Limited Release – One Night Only through Fathom Events – For more than 2,000 years, mankind has been searching for the final resting place of Noah’s Ark. Though there have been many attempts, few have been able to fully explore the one place specifically noted in the Bible: Mount Ararat. Located in Eastern Turkey, Agri Dagh, or “The Painful Mountain,” is the tallest mountain in the region and lies in the very center of a centuries-old, geo-politically unstable hot spot. With constant threats of deadly rock slides, hidden crevasses, and glacial ice falls, the Kurdish Rebel-held mountain poses great risk to any explorer, let alone those performing a thorough scientific investigation.
“Finding Noah” is an exciting journey to the top of Mount Ararat. Several explorers, including a few pastors, make the difficult journey to the summit to drill and see if they can find pitch-like substance, or even wood, from the ark. The documentary chronicles the explorers’ hopes, dreams and disappointments, as they deal with difficult weather. The film weaves archived footage into the story, highlighting past attempts and discoveries.
Pastor Bruce Hall, a forensics expert in addition to being a minister, speaks with his family via computer before making the trek and acknowledges that the explorers don’t know if they will return from such a tumultuous journey. A father and son, Bill and Will Hughes, also make the trip, and Will states he has no doubt in his mind that this search should happen.
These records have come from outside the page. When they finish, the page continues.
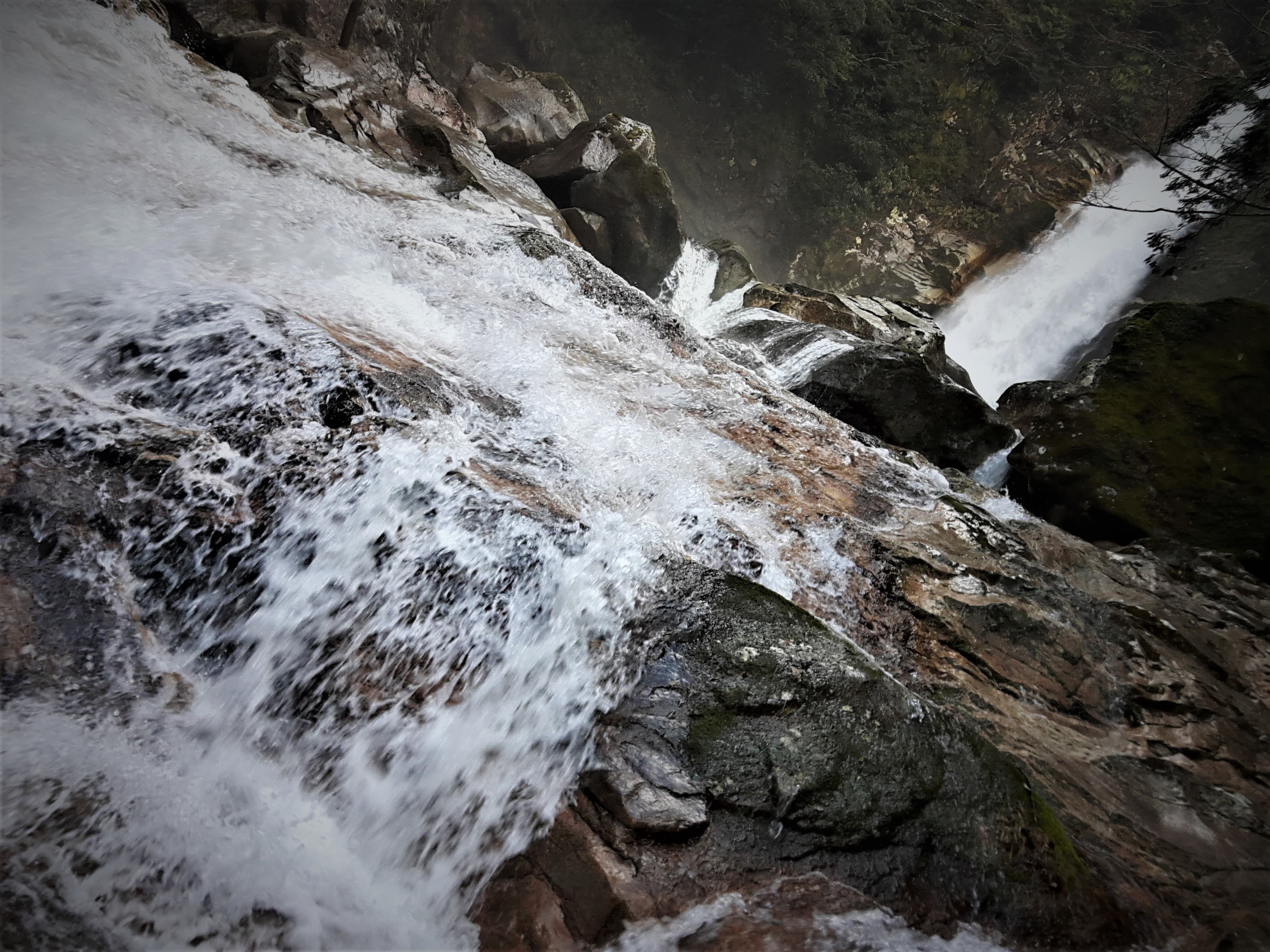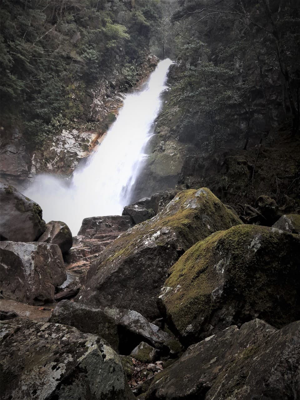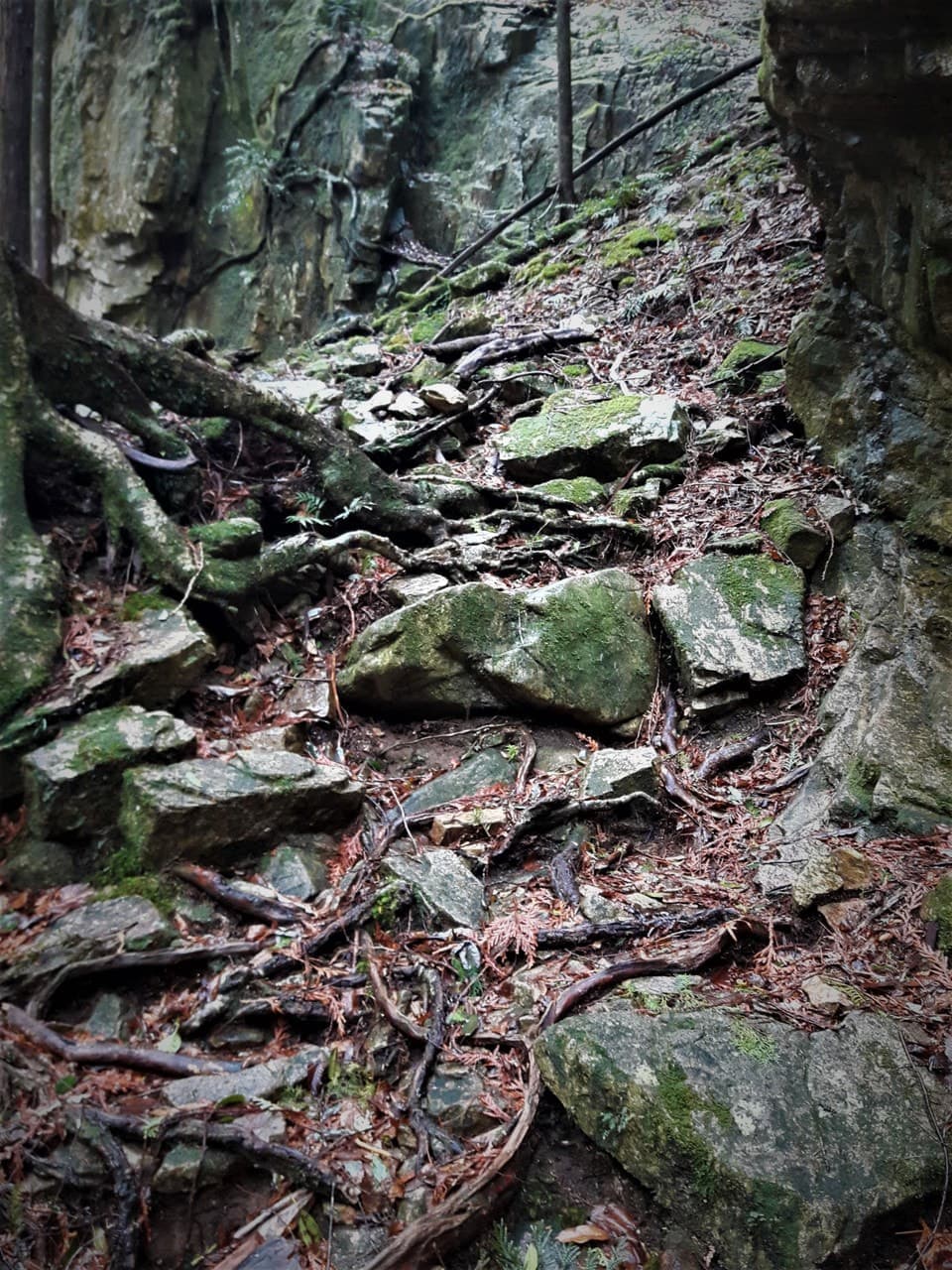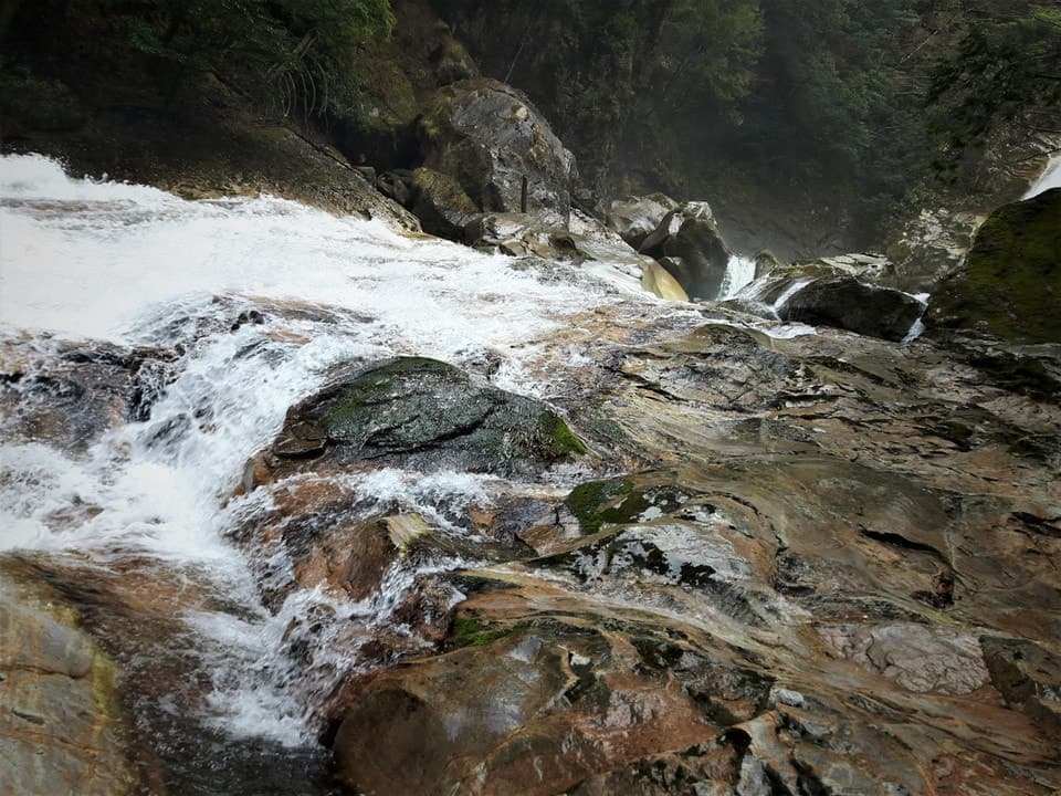ここから滝までの道のりはかなり足場が悪く、途中、大きな岩の間をくぐり
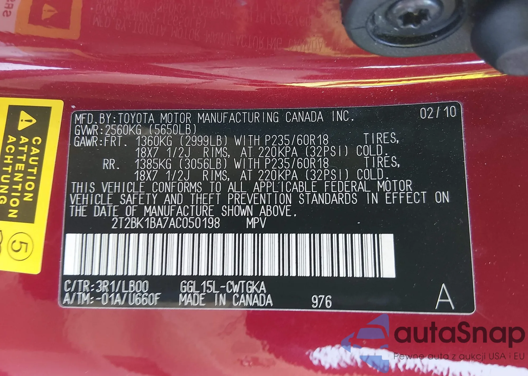 • VIN 2T2BK1BA7AC050198
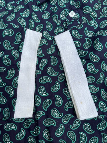 There are some small marks on white cuff of sleeve in back. Haven?t tried to remove. Otherwise, shirt looks unworn.
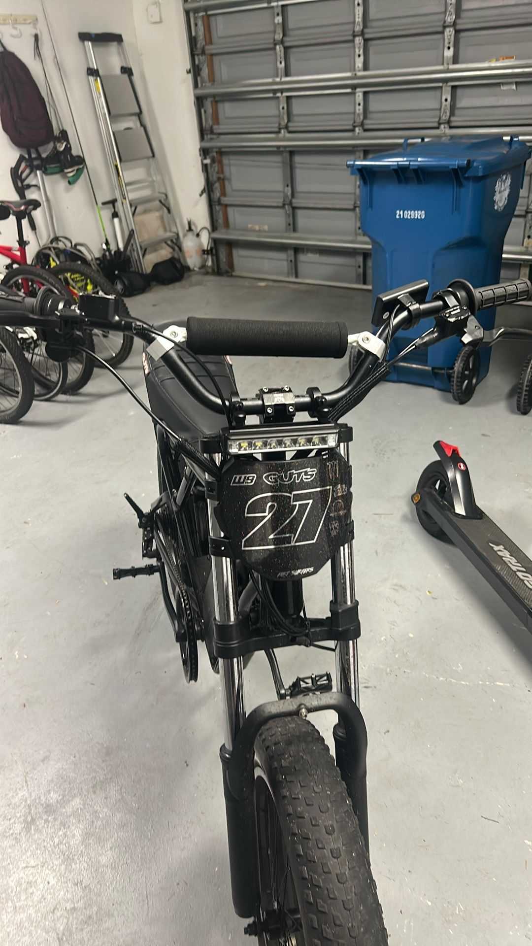 RidstarQ20 1500W 48V Mod: Guts seat cover-90 Pedals-10 Display-35 Full throttle-30 Pit bike bars-35 Stem-10 ODI grips-10 Back and front brake swap ODI plate-20 ODI plate sticker-40 Bar light with charger-35 Bike has 400 miles can go up to 34 mph comes with charger and is in pretty good condition it’s only missing the cable for the light so if you want to swap the light you need to get a light that is chargeable or battery powered. Has very good range I ACCEPT TRADE OR CASH IF YOU HAVE A TRADE OFFER DO NOT BE SCARED TO CONTACT.
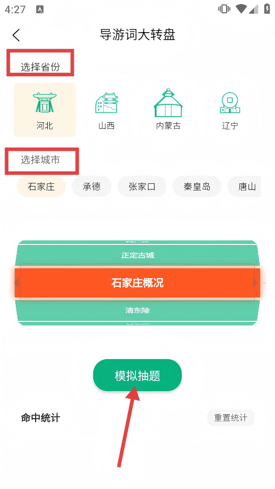 3、在【导游词大转盘】页,先选择省份和城市,再点击【模拟抽题】按钮。

The documentary makes good use of various comments from those involved in the climb, animated short videos, archive footage, and the actual drilling to determine if the explorers find anything there. Do they find something? The viewer will have to watch to see but, as one of the travelers says, the journey itself and the discoveries the explorers make about one another and about themselves are what count. For, as a few of them confess, they feel closer to God because of this journey. We are pleased to award this film our Faith Friendly Seal for ages 12-plus. This documentary is a good mystery, as well as an exploration film!